Implications and Future Directions

This work demonstrates that standard autoregressive LLMs possess substantial implicit knowledge of future tokens, which can be efficiently harnessed for multi-token prediction with minimal fine-tuning and architectural changes. The approach is compatible with existing speculative decoding frameworks and can be integrated with more advanced tree-based or hardware-aware speculative algorithms.

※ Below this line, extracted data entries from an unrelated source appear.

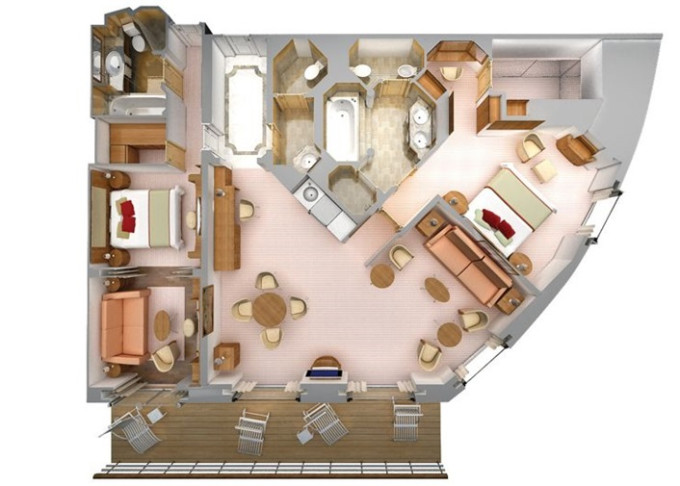 | R2 - Royal Suite 2 127 m² (vrátane 18 m² balkónov). Royal Suite prepojená s Veranda Suite. 7. paluba vpredu. Max 5 osôb. | 108 800 € 27 200 € za osobu | ||
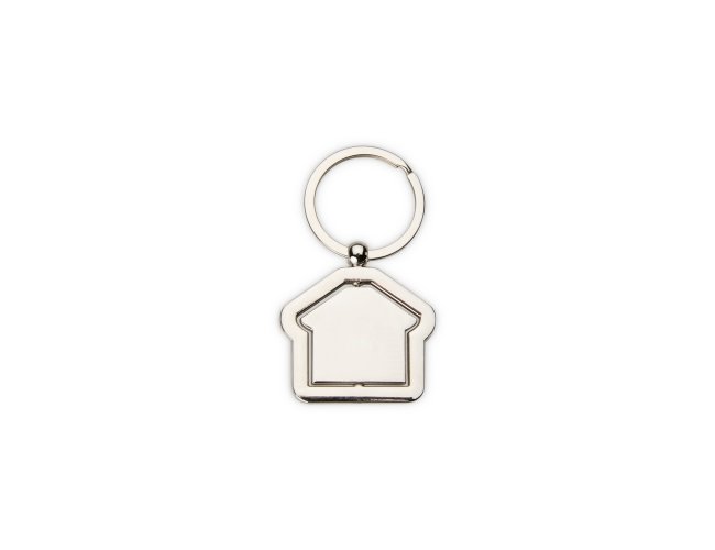 Descrição: Chaveiro metálico giratório feito em formato brilhante e argola de ferro, adequado para organizar chaves ou também como objeto decorativo.
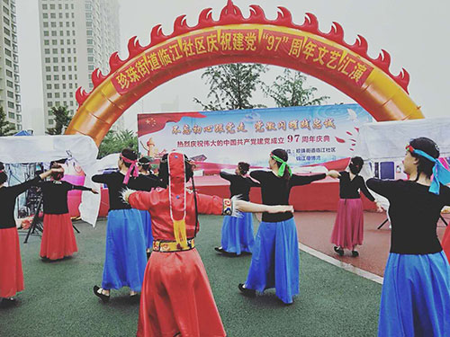 為慶祝偉大的中國共產(chǎn)黨建黨97周年,6月27日晚,在美麗的鴨綠江畔,丹東市臨江社區(qū)聯(lián)合轄區(qū)物業(yè)及居民隆重舉辦“建黨97周年慶典晚會(huì)”,金海物業(yè)應(yīng)邀參加了此次活動(dòng)并在活動(dòng)中獻(xiàn)上精彩的表演。當(dāng)晚,雖然下起了瀝瀝細(xì)雨,但前來觀看的市民卻絡(luò)繹不絕,現(xiàn)場氣氛十分熱烈。演出開始前,濱江3號全民多彩社團(tuán)文藝社的業(yè)主們?yōu)楝F(xiàn)場的所有觀眾表演了一段精彩的藏族舞蹈《心上的羅加》,讓人眼前一亮,贏得了臺下陣陣掌聲。隨之演出拉開大幕,在精彩紛呈的表演中,濱江3號管理部的管家和保安團(tuán)隊(duì)也登臺一展風(fēng)姿,表演了舞蹈《光榮的使命》,臺上的她們舞姿優(yōu)美,英姿颯爽,可謂是亦柔亦剛,給江城的父老相親和外地的游客展現(xiàn)了金海物業(yè)人的多樣風(fēng)采,大家掌聲雷動(dòng),讓人印象深刻。

Practical implications include:

  • Inference Acceleration: The method provides a straightforward path to accelerate LLM inference in production without retraining from scratch or sacrificing model quality.
  • Parameter-Efficient Adaptation: Gated LoRA enables selective adaptation for new tasks or domains while preserving base model performance, facilitating continual learning and domain adaptation.
  • Hardware Efficiency: The lightweight nature of the sampler and LoRA modules makes the approach attractive for edge deployment and large-scale serving.

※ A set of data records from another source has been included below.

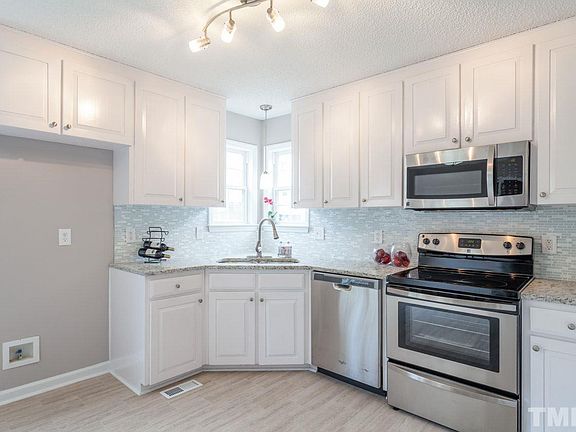 GORGEOUS home in the HEART of Garner with Rocking Chair Porch! Features a bright open floor plan and upgrades galore including a custom designer kitchen with stainless steel appliance, tile back splash and granite counter tops. Updated master bath with walk in closet. New exotic 5 inch bamboo flooring; Fenced back yard with deck. Detached Storage shed for all your storage needs. Convenient to 440, Downtown Raleigh and White Oak Shopping. No Hoa dues. Move in and enjoy!
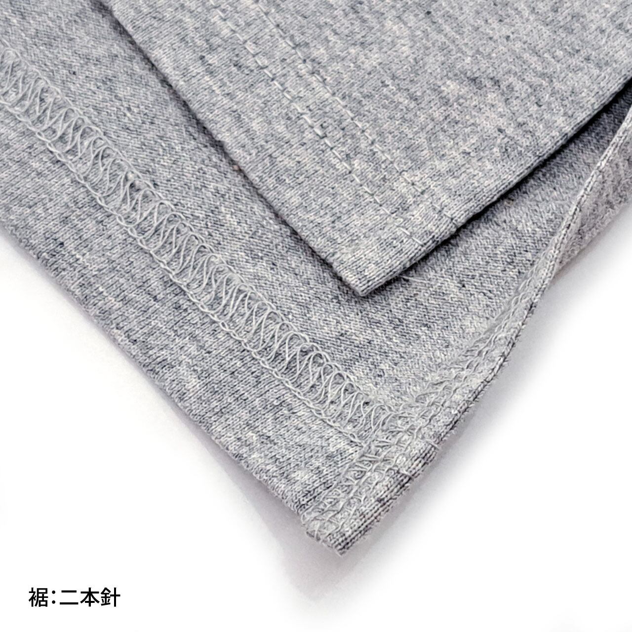 Tシャツの生地は綿100%、6.2ozのマックスウエイトで、ざっくりとしたコシとハリのある風合い。オープンエンド糸を使用しており、吸収性と速乾性に優れ、サラリとした着心地です。裾まわりや袖口、首まわりは二本針仕様で、ヨレたり伸びたりしにくくなっています。
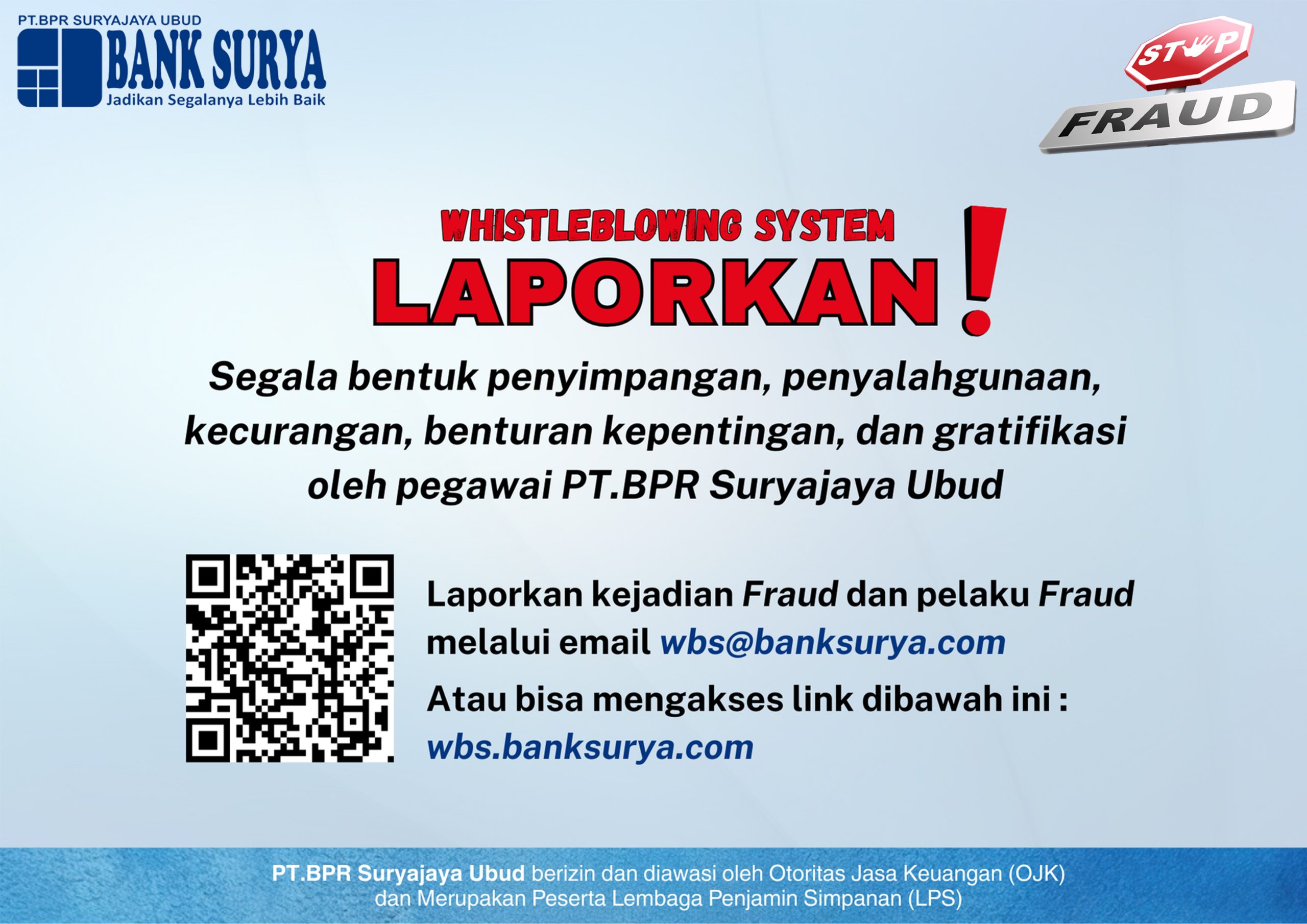 Whistle Blower System (WBS) merupakan sarana yang diberikan kepada Pelapor Internal PT. BPR Suryajaya Ubud maupun Eksternal (nasabah, khalayak, mitra) dalam menyampaikan informasi indikasi pelanggaran, dan akan ditindaklanjuti sesuai dengan mekanisme yang telah ditentukan oleh Bank. Pelapor dapat menyampaikan laporan melalui email, website, ataupun mengirim surat tertulis yang ditujukan kepada PT. BPR Suryajaya Ubud yang kemudian akan diproses.

Theoretical implications and future research avenues:

  • Pretraining with MTP: Investigating the impact of multi-token prediction objectives during pretraining could further enhance the model's ability to anticipate future tokens.
  • Diffusion-Based Generation: Exploring the integration of diffusion models with MTP may yield new trade-offs between fully autoregressive and non-autoregressive generation.
  • Generalization to Other Modalities: The masked-input and gated adaptation strategies may be applicable to multi-modal or non-textual sequence generation tasks.

Conclusion

The paper provides a comprehensive framework for unlocking the multi-token prediction potential of autoregressive LLMs, achieving significant inference speedups with minimal overhead and no loss in quality. The proposed techniques—masked-input fine-tuning, gated LoRA, lightweight sampling, and quadratic decoding—collectively establish a new baseline for efficient LLM inference and open several promising directions for future research in both model architecture and training methodology.